Por estos días el gran problema que enfrenta la gestión de Cáffaro es una ola de inseguridad que ha provocado cuatro crímenes el mes pasado. La violencia no era algo habitual en Zárate y el impacto de esos asesinatos convulsionó a los habitantes, sobre todo por el silencio de las autoridades del municipio. Nadie se acercó a los familiares de las víctimas cuando hubo un caso de doble asesinato y una mujer que se quedó viuda y perdió a su hijo. Encima, el intendente está peleado con el ministro Sergio Berni, quien alguna vez amagó con intentar competir por ese municipio. “La relación entre ambos quedó tan maltrecha que Zárate recibe menos recursos y patrulleros que San Nicolás o Campana, gobernadas por el PRO”, comenta un dirigente regional. 

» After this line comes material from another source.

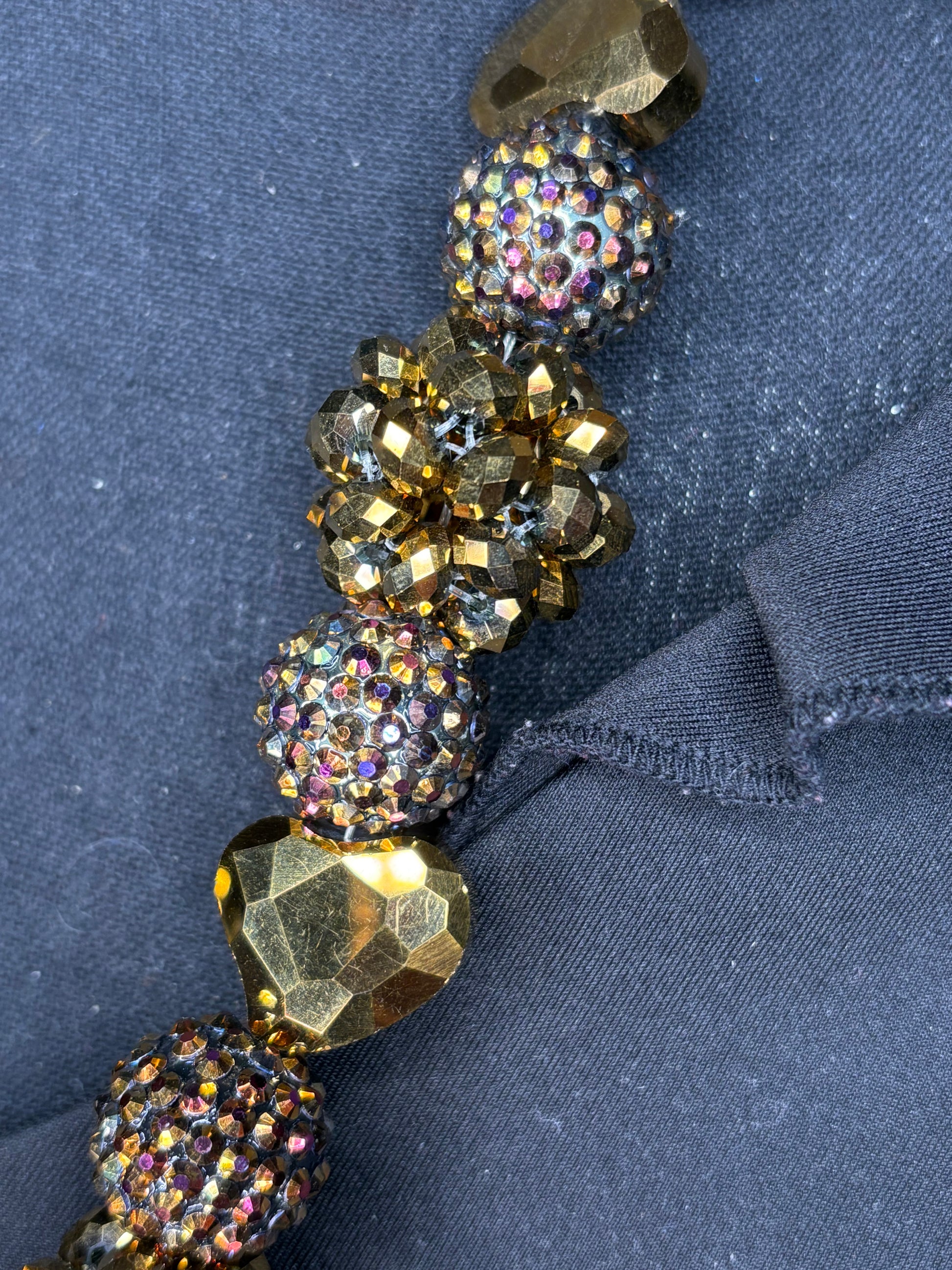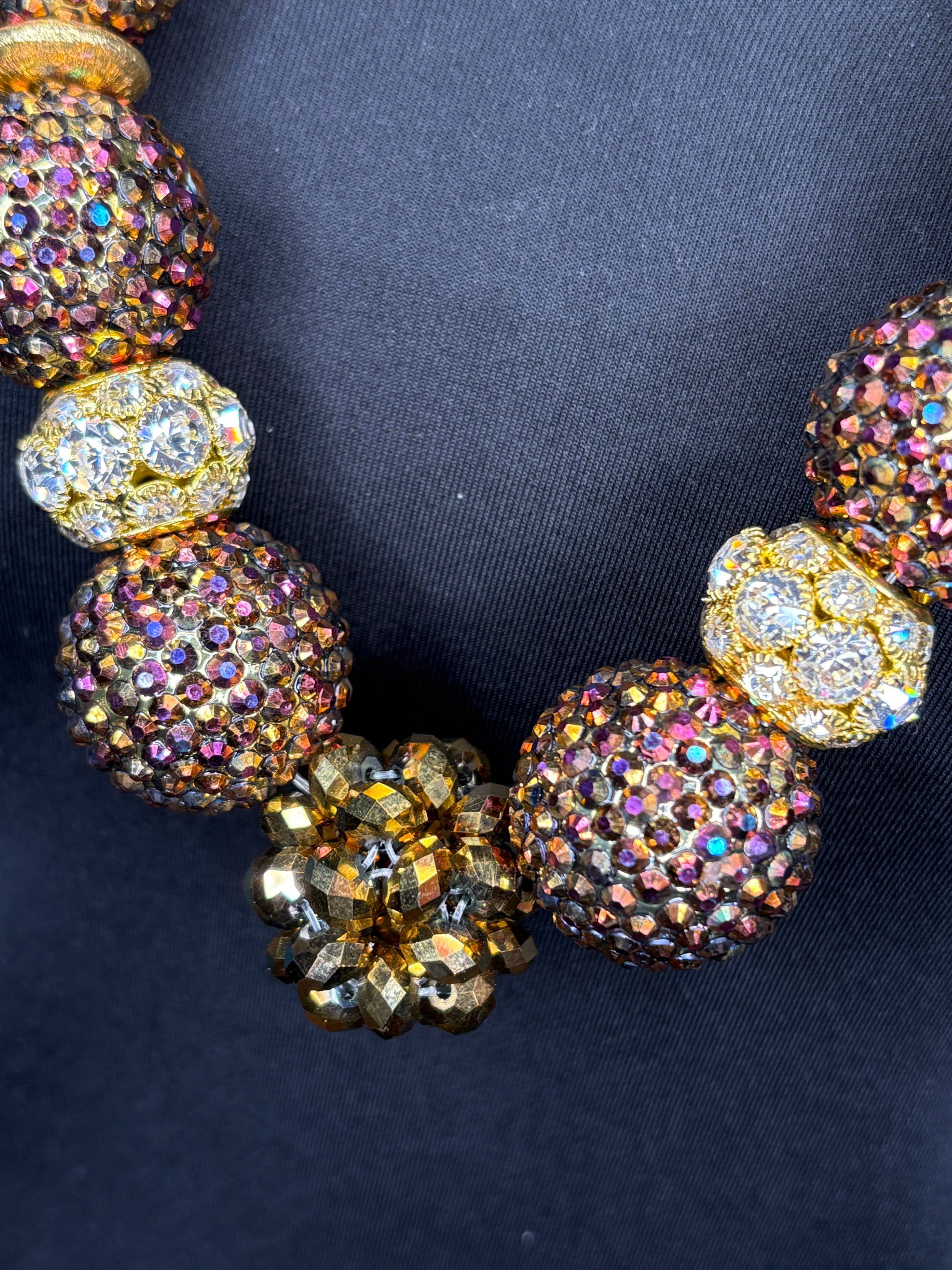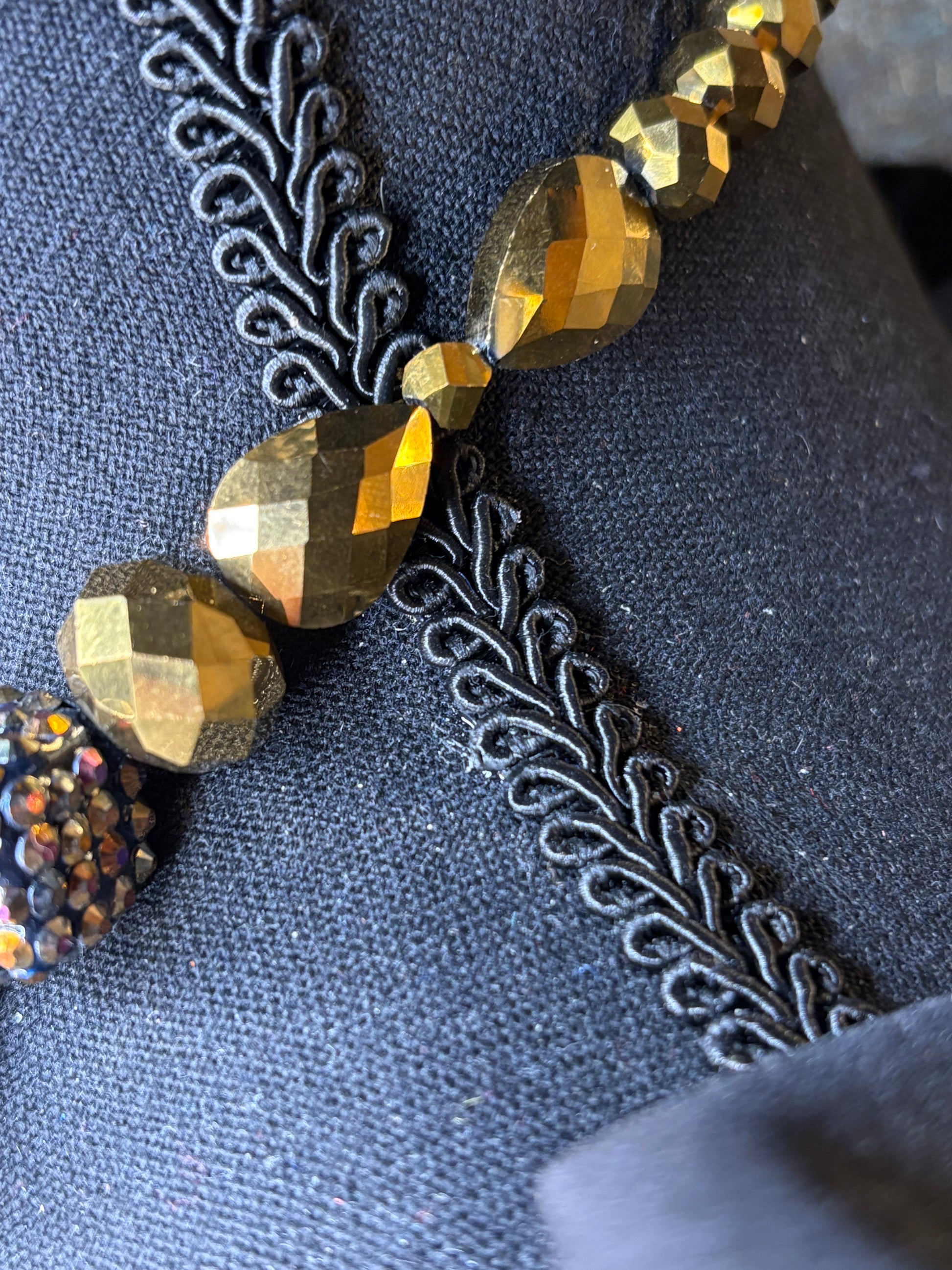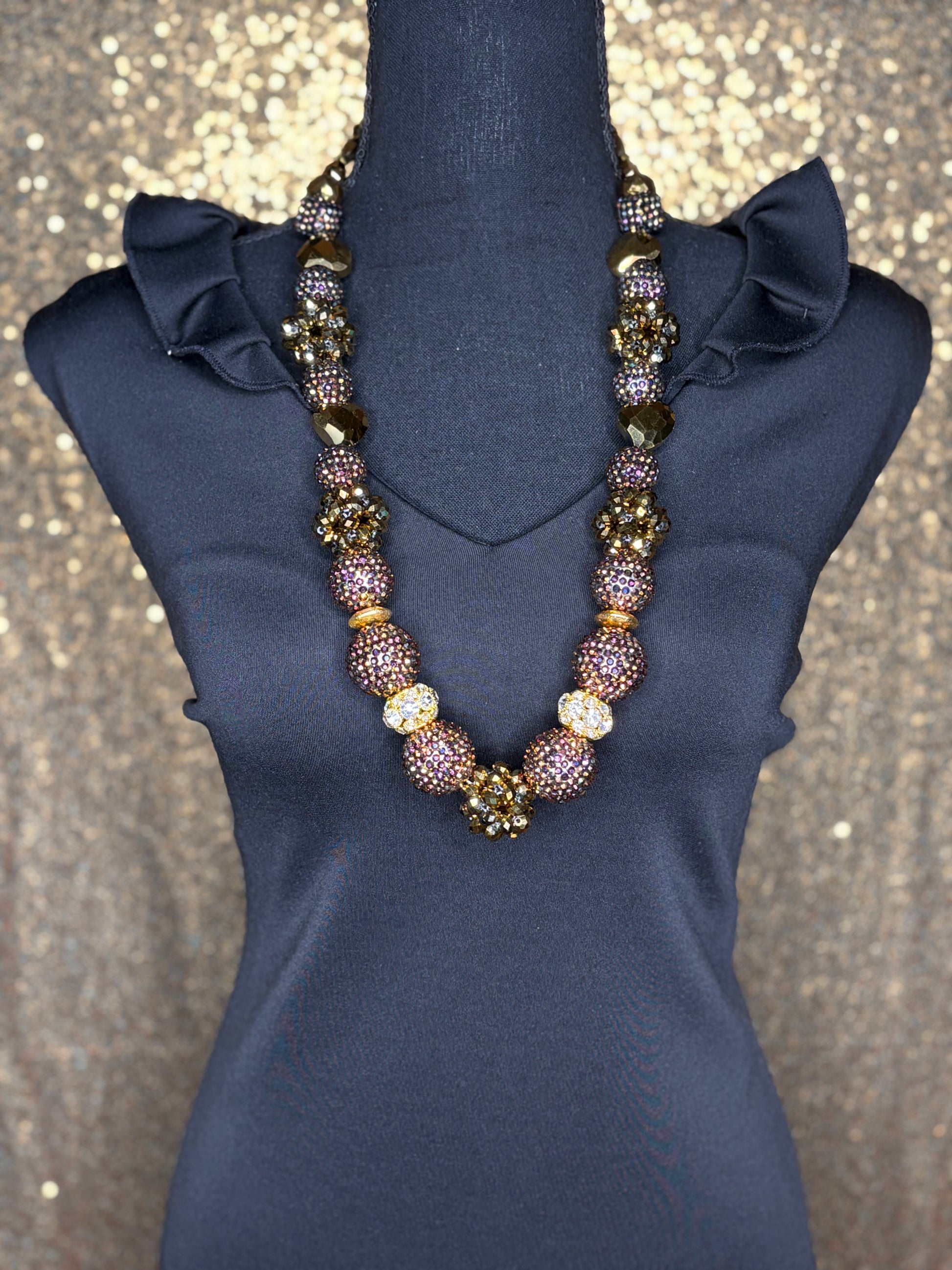 This handmade classic round necklace was carefully crafted with beautiful crystal (or rhinestone) beads. The model is wearing a 15-inch necklace design, but it can be altered to be longer or shorter.

El impacto de la inseguridad se suma al crecimiento de villas y asentamientos. Nadie sabe a ciencia cierta cómo en tan pocos años Zárate pasó a tener 41 asentamientos de una marginalidad extrema. Cuentan las fuentes consultadas que los niveles de marginalidad detectados en esta ciudad son muy similares a los peores de La Matanza, de ahí que se habla de un fenómeno de conurbanización acelerado que golpea al tejido social de este distrito estratégico de la Segunda Sección. La acumulación de errores del jefe comunal motivo su ruptura con el peronismo local que responde al secretario general de la UOM, Abel Furlán, uno de los sindicalistas más cercanos a Máximo Kirchner.

El divorcio de Cáffaro con el PJ generó que se quede sin control del Concejo Deliberante. El alcalde tiene apenas cuatro ediles que le responden sobre 20. El bloque de Juntos por el Cambio tiene 9 bancas y es conducido por el ganador de la elección local en el 21, Marcelo Matzkin, quien aparece en todos los sondeos como el favorito para quedarse con el municipio. Matzkin pertenece al grupo territorial que maneja el precandidato a gobernador Cristian Ritondo y se alinea regionalmente con el diputado provincial Matias Ranzini y el armador seccional Juan Novelli. Patricia Bullrich y los hermanos Passaglia, influyentes en la zona, también apuestan por la candidatura del concejal del PRO. 

El intendente, como si fuera poco, fue denunciado por financiar al equipo de básquet de Zárate con fondos del municipio. El dinero para sostener el club sale de una sobretasa que se le cobra a comercios y pymes. Además, este año enfrentará un juicio oral en los tribunales de San Martín por malversación de fondos, causa por la que está procesado. También quedó golpeado por el caso de los rugbiers de esa localidad que asesinaron a Fernando Báez Sosa. La opinión pública esperaba alguna explicación del alcalde respecto a que el abogado de los asesinos, además, trabaja para el municipio.